## GOAL OF THE EXERCISE
From the line containing "Orange Cotton Check Saree with Line border." to the line containing "Tyylikäs teräsmuki kannella." in the entries below, reproduce every line exactly, ends included. Nothing else belongs in the copy, and no pictures.

## RECORDS TO PROCESS
------------------------------

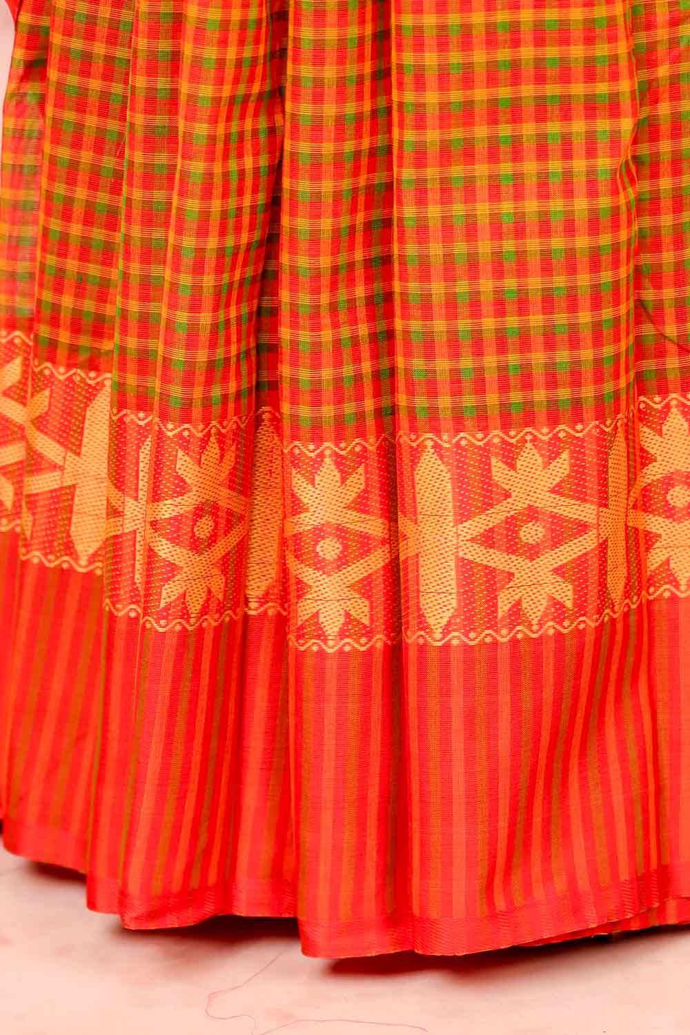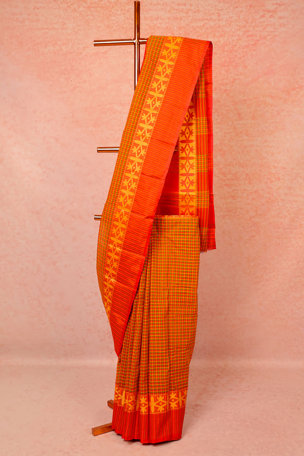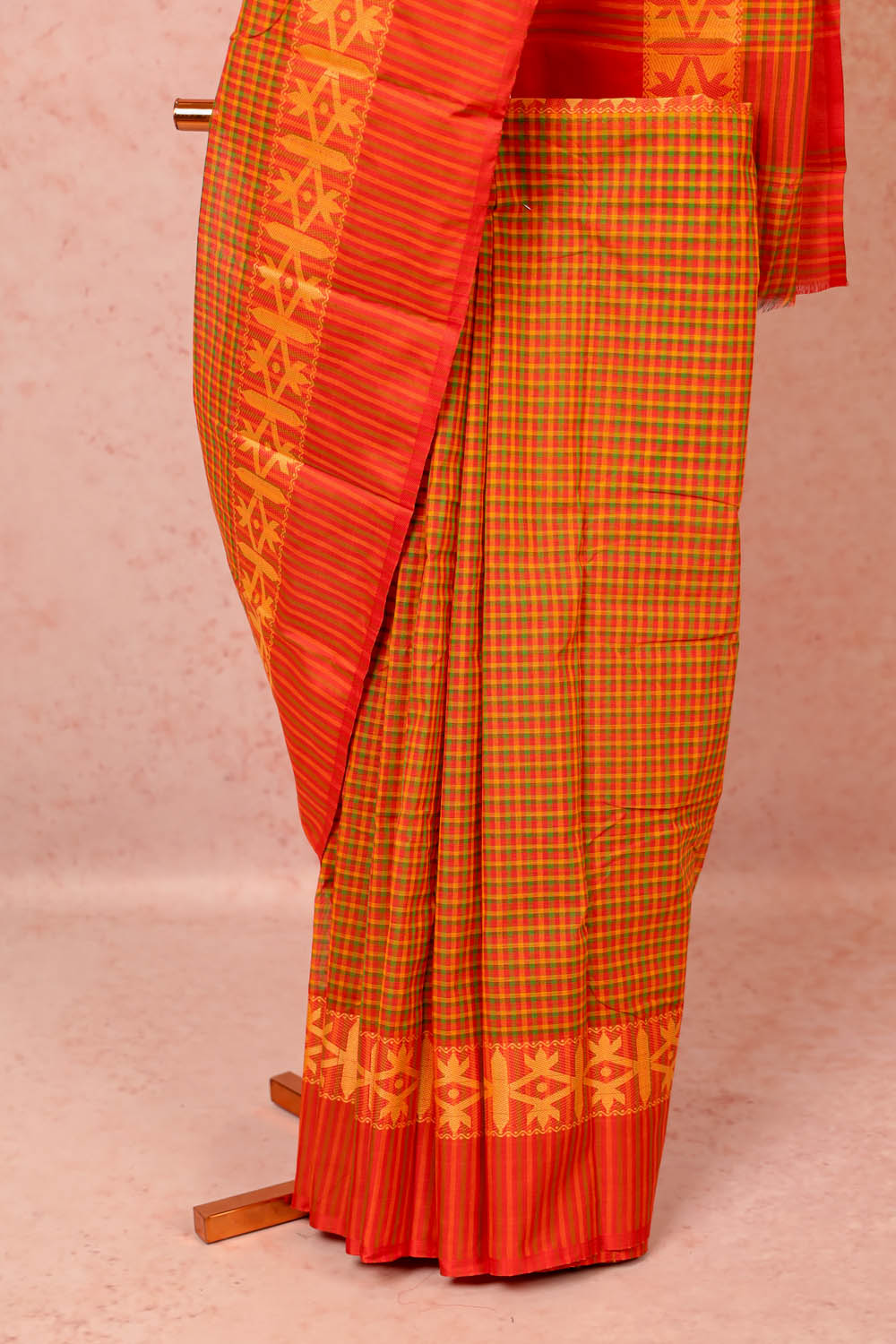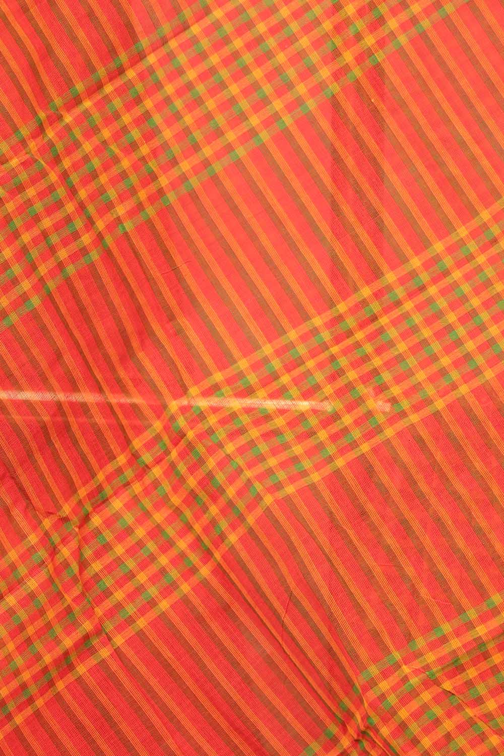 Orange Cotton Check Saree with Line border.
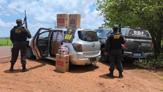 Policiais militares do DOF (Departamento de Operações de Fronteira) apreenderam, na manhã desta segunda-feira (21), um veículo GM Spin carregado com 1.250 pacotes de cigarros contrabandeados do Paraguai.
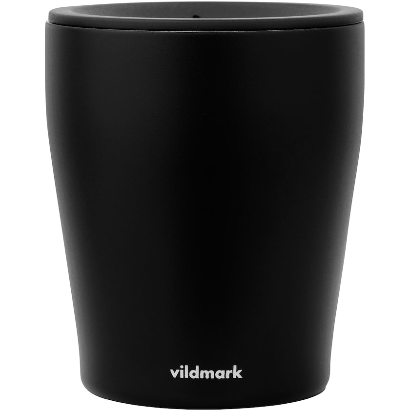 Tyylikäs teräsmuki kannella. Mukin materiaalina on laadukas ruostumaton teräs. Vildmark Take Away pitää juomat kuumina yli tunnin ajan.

------------------------------

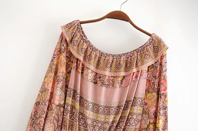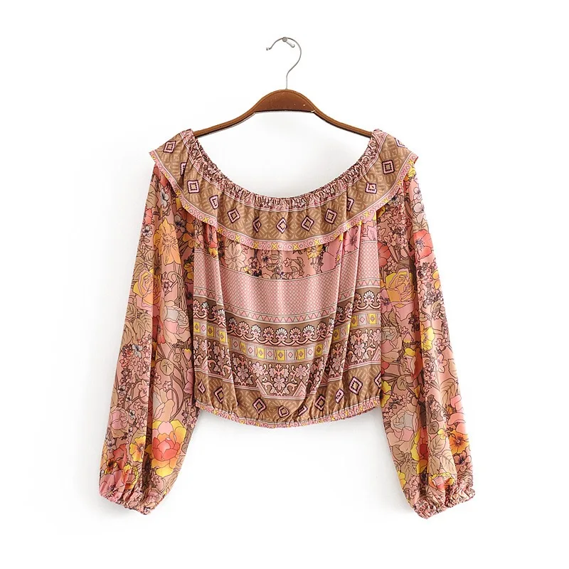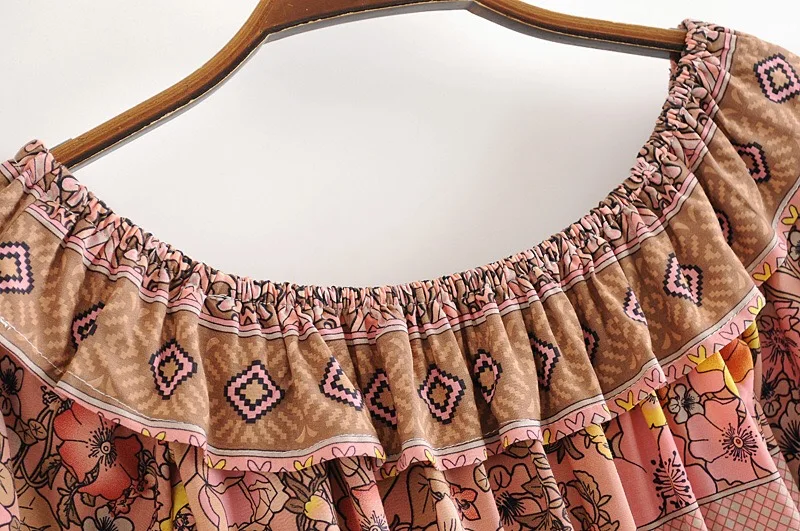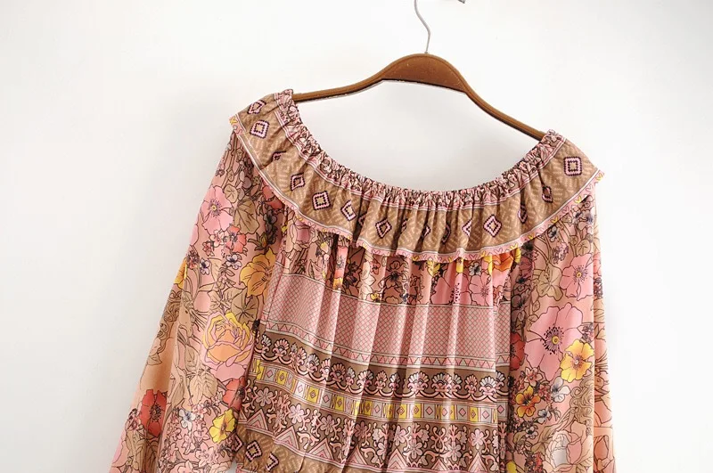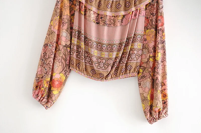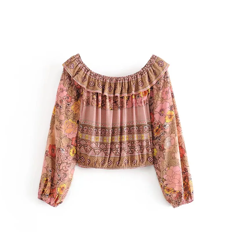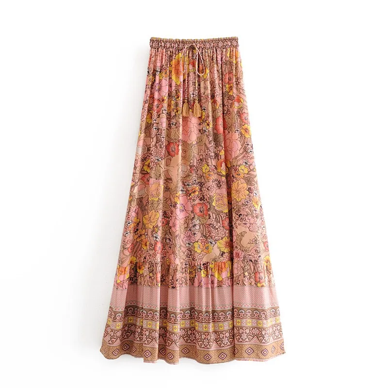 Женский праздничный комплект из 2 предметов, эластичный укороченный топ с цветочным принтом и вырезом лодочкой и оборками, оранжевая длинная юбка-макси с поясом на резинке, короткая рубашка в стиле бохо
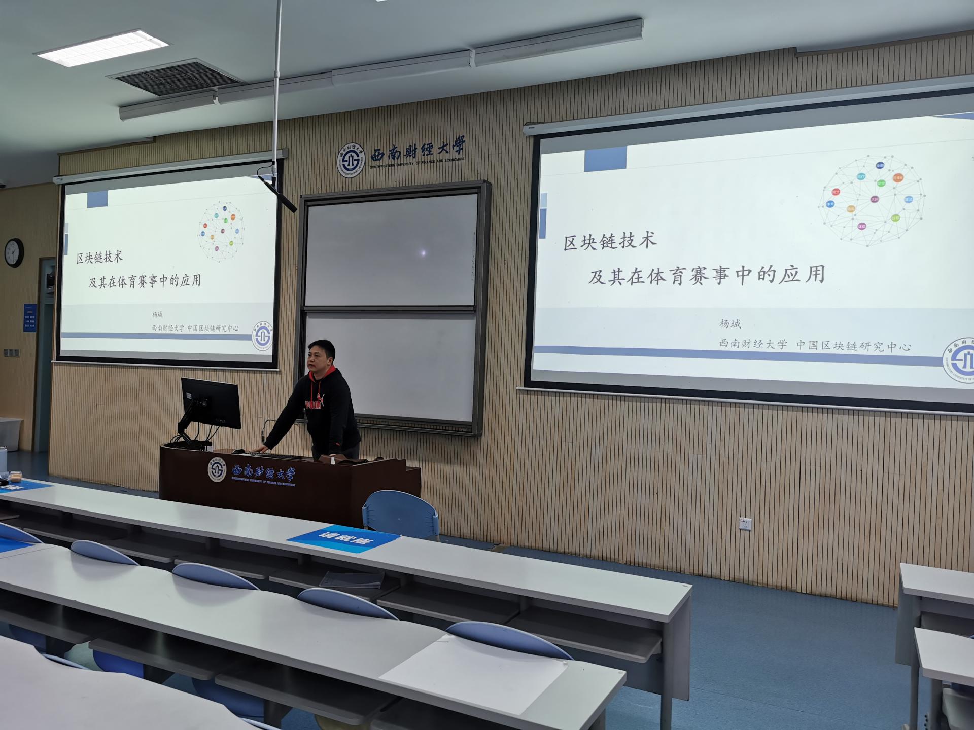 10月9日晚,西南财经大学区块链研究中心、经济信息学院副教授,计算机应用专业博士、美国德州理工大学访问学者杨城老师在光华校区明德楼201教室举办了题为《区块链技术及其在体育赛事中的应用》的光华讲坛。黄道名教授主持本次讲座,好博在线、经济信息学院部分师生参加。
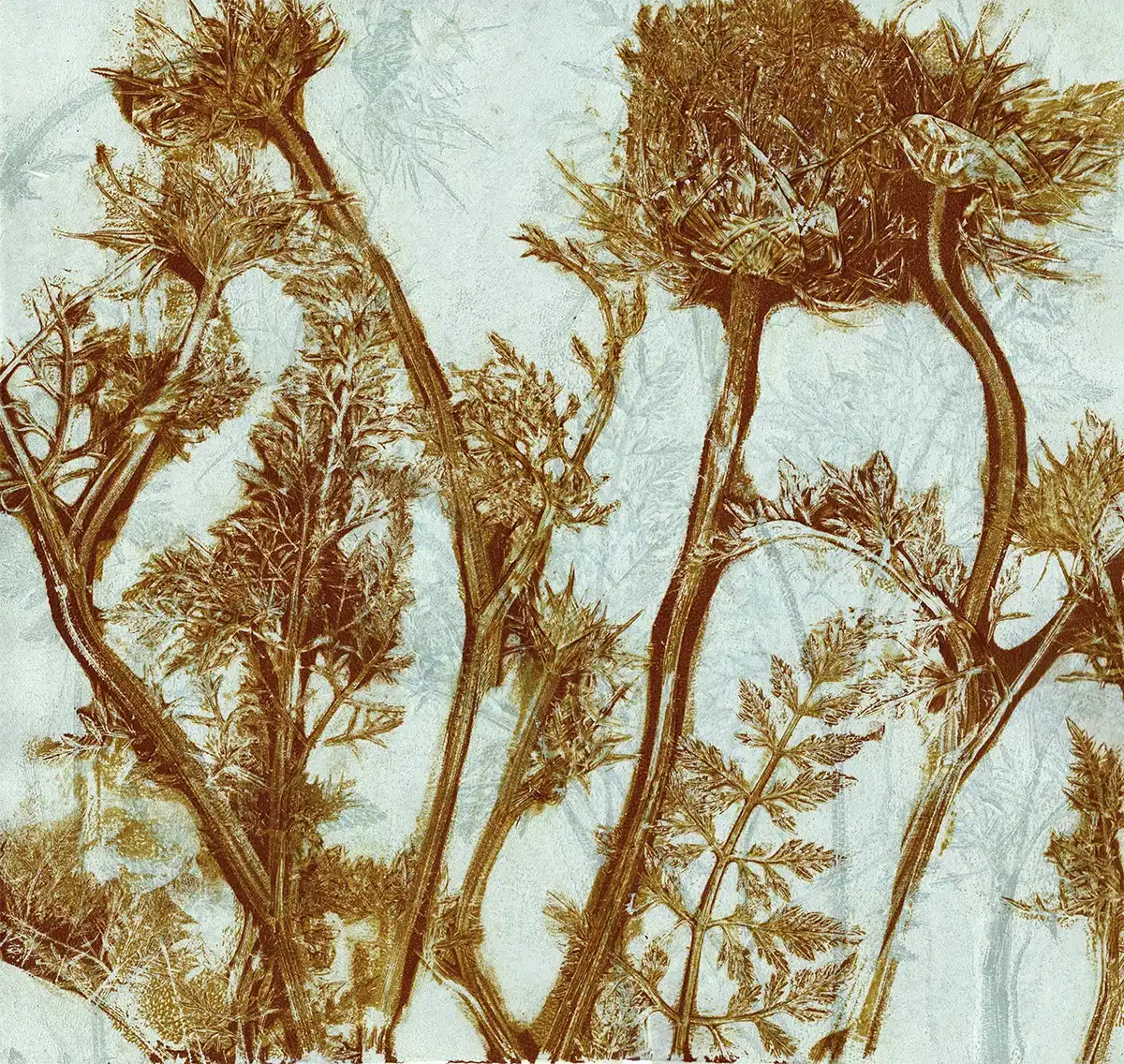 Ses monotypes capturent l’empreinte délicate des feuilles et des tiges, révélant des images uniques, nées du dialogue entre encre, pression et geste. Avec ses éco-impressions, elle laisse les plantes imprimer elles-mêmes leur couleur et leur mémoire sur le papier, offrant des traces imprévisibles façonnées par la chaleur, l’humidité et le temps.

------------------------------

## ANSWER TO THE PROBLEM
 Orange Cotton Check Saree with Line border.
 Policiais militares do DOF (Departamento de Operações de Fronteira) apreenderam, na manhã desta segunda-feira (21), um veículo GM Spin carregado com 1.250 pacotes de cigarros contrabandeados do Paraguai.
 Tyylikäs teräsmuki kannella. Mukin materiaalina on laadukas ruostumaton teräs. Vildmark Take Away pitää juomat kuumina yli tunnin ajan.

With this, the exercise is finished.